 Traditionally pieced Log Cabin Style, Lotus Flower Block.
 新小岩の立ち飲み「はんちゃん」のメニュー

▬▬▬

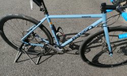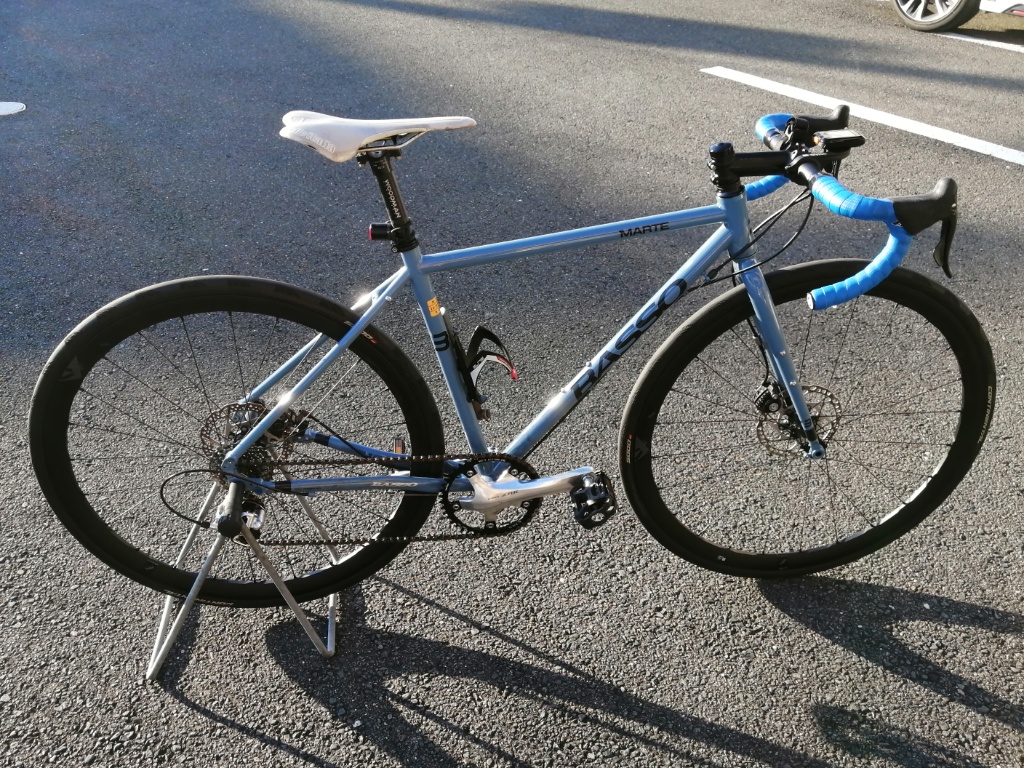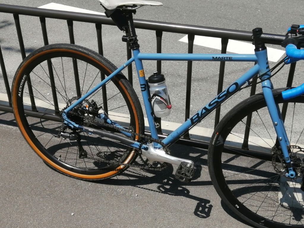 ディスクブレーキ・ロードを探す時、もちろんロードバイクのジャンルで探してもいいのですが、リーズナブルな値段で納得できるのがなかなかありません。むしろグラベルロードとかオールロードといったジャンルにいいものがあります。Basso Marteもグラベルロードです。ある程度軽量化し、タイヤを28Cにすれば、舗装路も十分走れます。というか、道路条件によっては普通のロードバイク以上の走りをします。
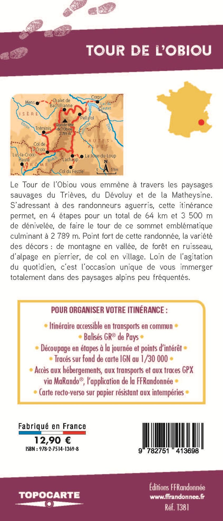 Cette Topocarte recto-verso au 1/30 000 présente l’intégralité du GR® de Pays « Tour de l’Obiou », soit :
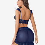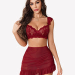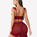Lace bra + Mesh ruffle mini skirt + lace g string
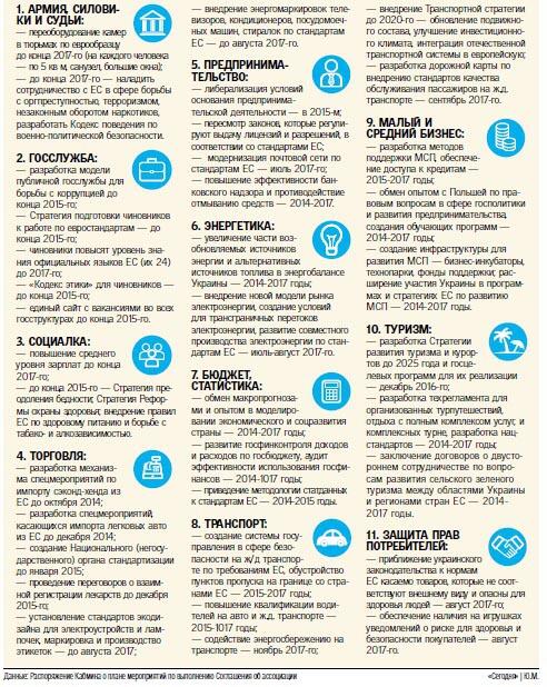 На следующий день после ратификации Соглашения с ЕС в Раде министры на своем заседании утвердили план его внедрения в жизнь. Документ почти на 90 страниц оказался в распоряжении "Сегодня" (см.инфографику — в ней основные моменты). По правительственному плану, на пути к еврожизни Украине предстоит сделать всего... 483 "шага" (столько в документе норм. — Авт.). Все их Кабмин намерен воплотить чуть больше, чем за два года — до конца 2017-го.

▬▬▬

Work required:
Please output the lines of the listing above that fall in the stretch from the one with "Traditionally pieced Log" through the one with "新小岩の立ち飲み「はんちゃん」のメニュー", exactly and only those.

Your response:
 Traditionally pieced Log Cabin Style, Lotus Flower Block.
 新小岩の立ち飲み「はんちゃん」のメニュー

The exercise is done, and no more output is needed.